I meant this time to thoroughly convince Buckhurst of my ability to gabble platitude. My desire that he should view me as a typical gendarme was intense.

So I coughed solemnly behind my hand, knit my eyebrows, and laid one finger alongside of my nose.

"Is it not my duty, as a guardian of national interests, to point out to Mr. Buckhurst his honest errors? Certainly it is, madame, and this is the proper time."

Turning pompously to Buckhurst, I fancied I could almost detect a sneer on that inexpressive mask he wore—at least I hoped I could, and I said, heavily:

"Monsieur, for a number of years there has passed under our eyes here in France certain strange phenomena.

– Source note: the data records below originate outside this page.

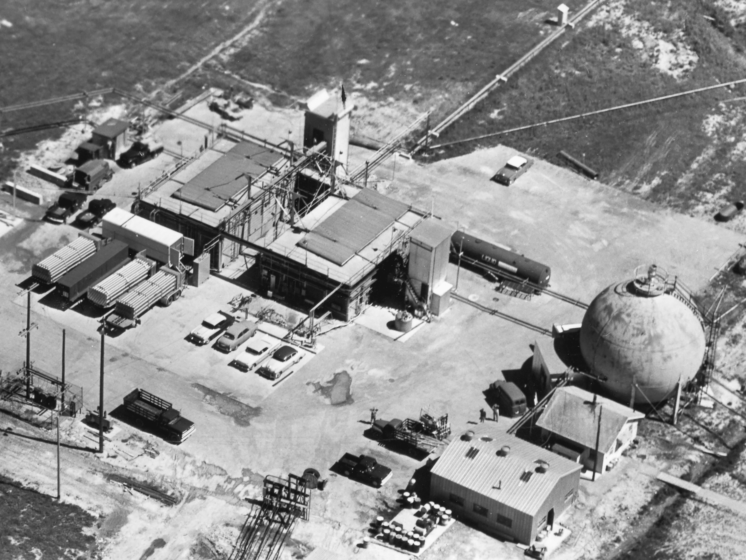 Researchers used J Site's J-4 test stand (at the rear of the building) to study issues related to the loading of propellants and insulation systems for cryogenic tanks (6/16/1961).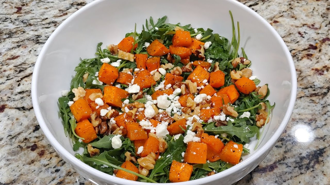 Sweet potato salad is healthy and very easy to make! Roasted sweet potatoes, arugula, walnuts and feta cheese are so delicious in this salad! This sweet potato salad recipe is healthy, nutritious and great as a side dish to meats, salmon and as a separate light lunch.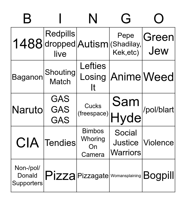 This bingo card has a free space and 24 words: Tendies, Pizza, Lefties Losing It, Non-/pol/ Donald Supporters, Green Jew, 1488, Baganon, Redpills dropped live, Sam Hyde, Bimbos Whoring On Camera, Anime, Naruto, Social Justice Warriors, Violence, Shouting Match, Womansplaining, /pol/blart, Autism, Weed, GAS GAS GAS, Bogpill, CIA, Pepe (Shadilay, Kek,etc) and Pizzagate.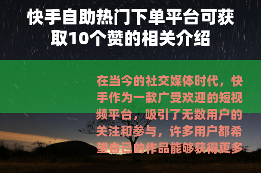 在当今的社交媒体时代,快手作为一款广受欢迎的短视频平台,吸引了无数用户的关注和参与,许多用户都希望自己的作品能够获得更多的点赞,从而提高作品的热度和影响力,而快手自助热门下单平台的出现,为一些用户提供了一种获取点赞的途径,其中就包括可以下单获得10个赞的服务。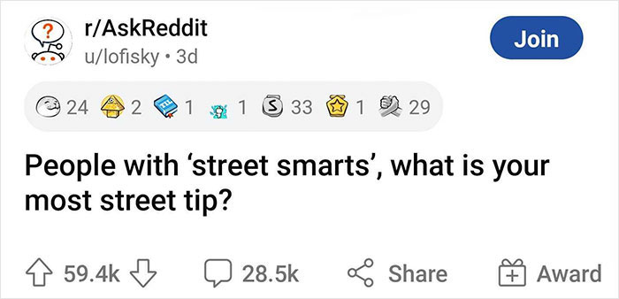 Reddit user lofisky wanted to find out what they are, so they made a post on Ask Reddit: "People with 'street smarts', what is your most street tip?" Within just a few days, thousands of people took the opportunity to share their precious wisdom and help people ensure their safety even in the most dire situations.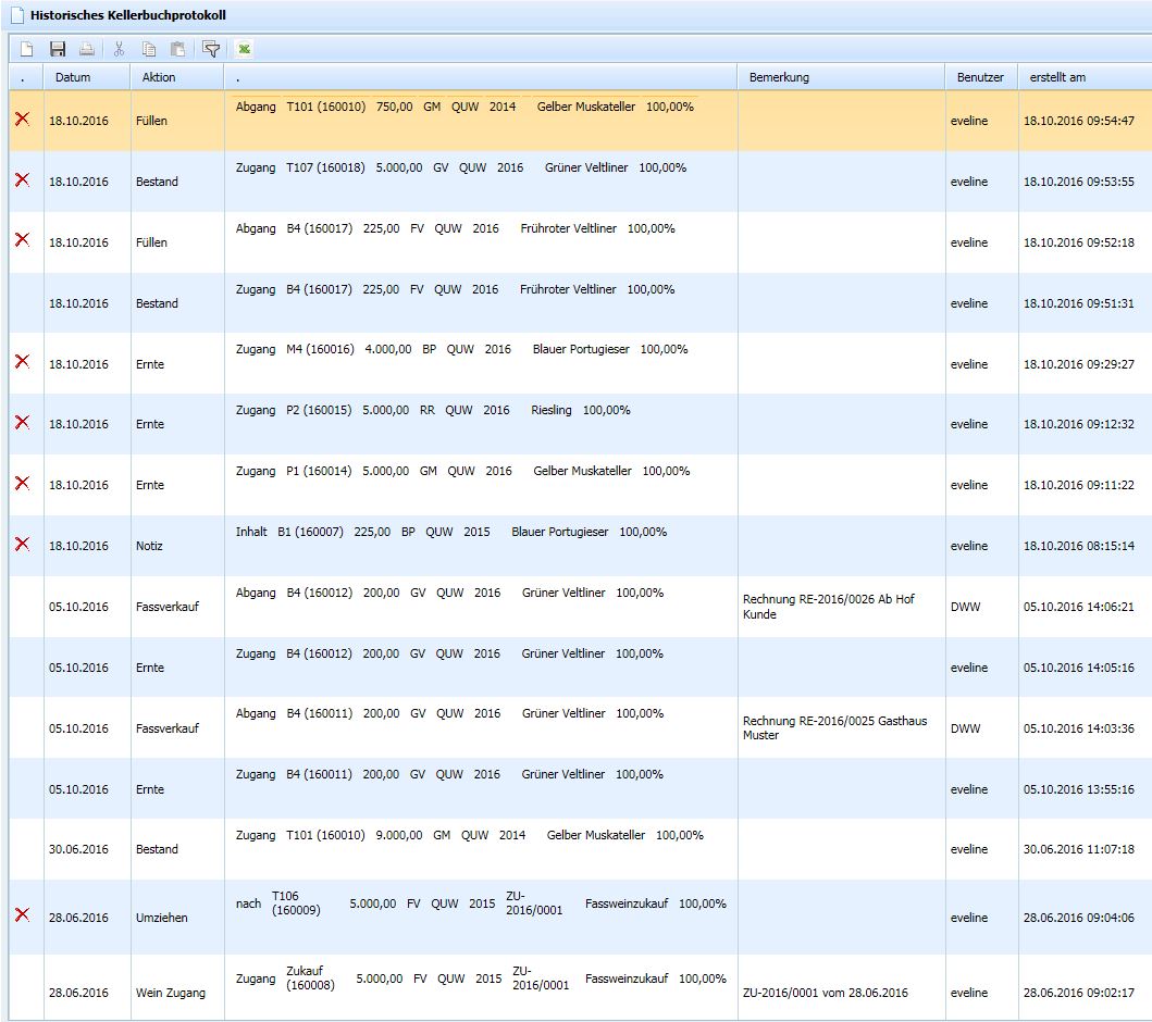 Klicken Sie zum Löschen einer Aktion auf das rote X vor der Aktion. Hinweis: Wenn Sie bei einer Aktion das rote X nicht sehen bedeutet dies, das bereits eine Nachfolgeaktion stattgefunden hat. Sie müssen in diesem Fall die nachfolgende(n) Aktion(en) löschen. Diese Vorgehensweise ist im Zusammenhang mit der Rückverfolgung notwendig.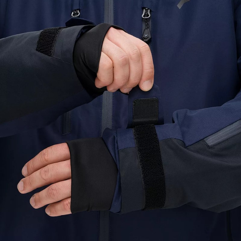 - Регулируемые внешние манжеты и внутренние эластичные манжеты обеспечивают плотное прилегание и защищают от проникновения ветра и влаги в рукава.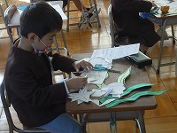 もうすぐ作品展・授業参観です。子どもたちの作品も完成に近づき、展示するための準備も進んでいます。1年生は水の生き物なので、水の中の飾り付けを作っています。海草や貝類など自分が作った水の生き物の近くに飾るためのものを作っていました。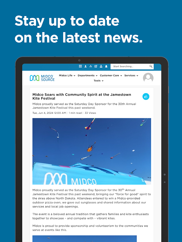 Midco 的 Source 移动应用程序使我们的团队成员能够随时随地保持联系。 Source 将每个人与他们成功所需的故事、知识和应用联系起来,无论他们在哪里工作。
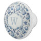 Custom Monogram Blue Toile Christmas Ornaments Ceramic Knob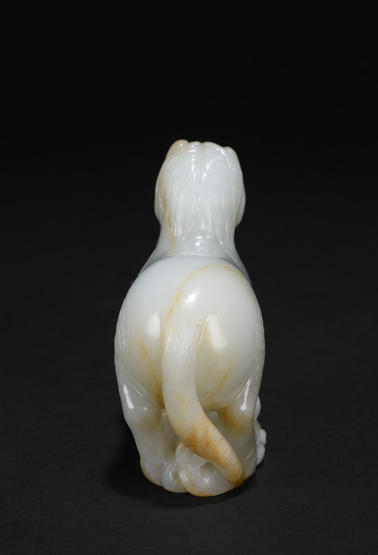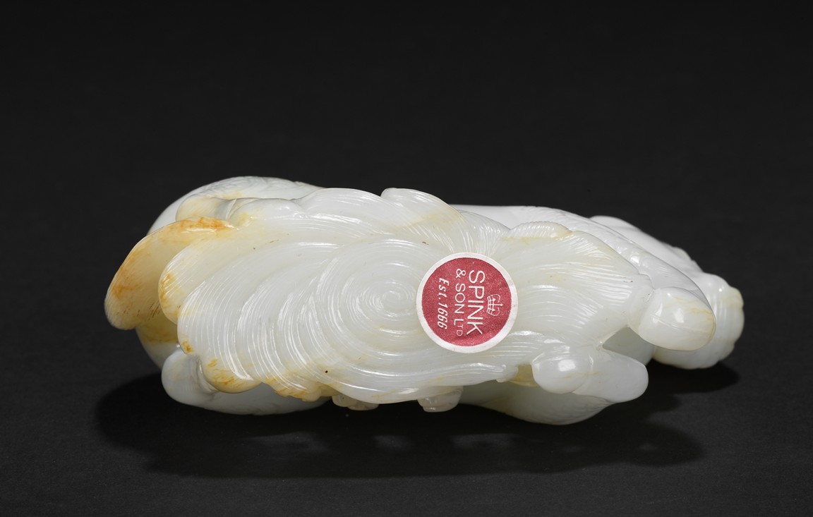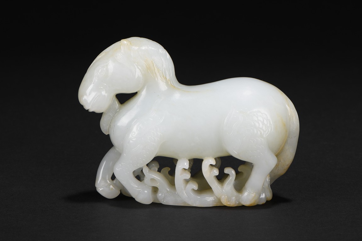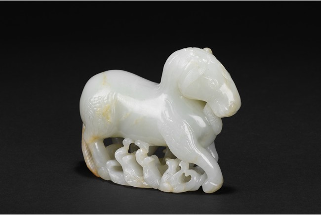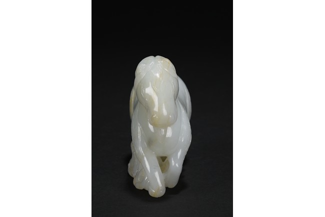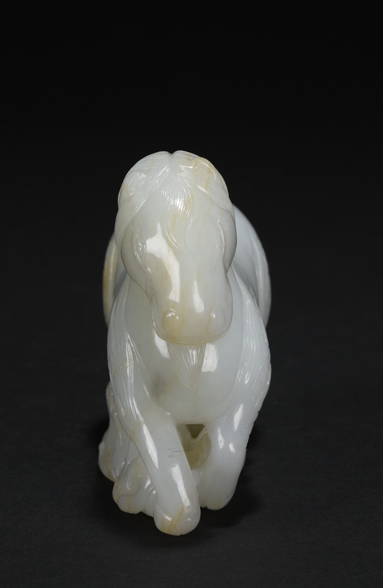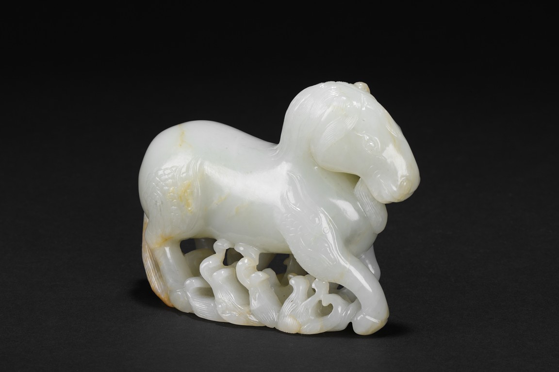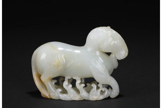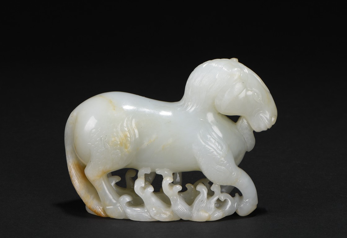 The jade is finely carved with a horse as walking upon turbulent wave foams, its mane and tail finely incised, the belly smoothly rounded and the hooves carefully carved, the stone is of even smooth white tone with some russet streaks. Qing Dynasty period.

Thousands of Frenchmen have, so to speak, separated themselves from the rest of the nation.

"All the sentiments that the nation honors itself by professing these other Frenchmen rebuke—the love of country, public spirit, accord between citizens, social repose, and respect for communal law and order—these other Frenchmen regard as the hallucinations of a nation of dupes.

"Separated by such unfortunate ideas from the nation within whose boundaries they live, they continue to abuse, even to threaten, the society and the country which gives them shelter.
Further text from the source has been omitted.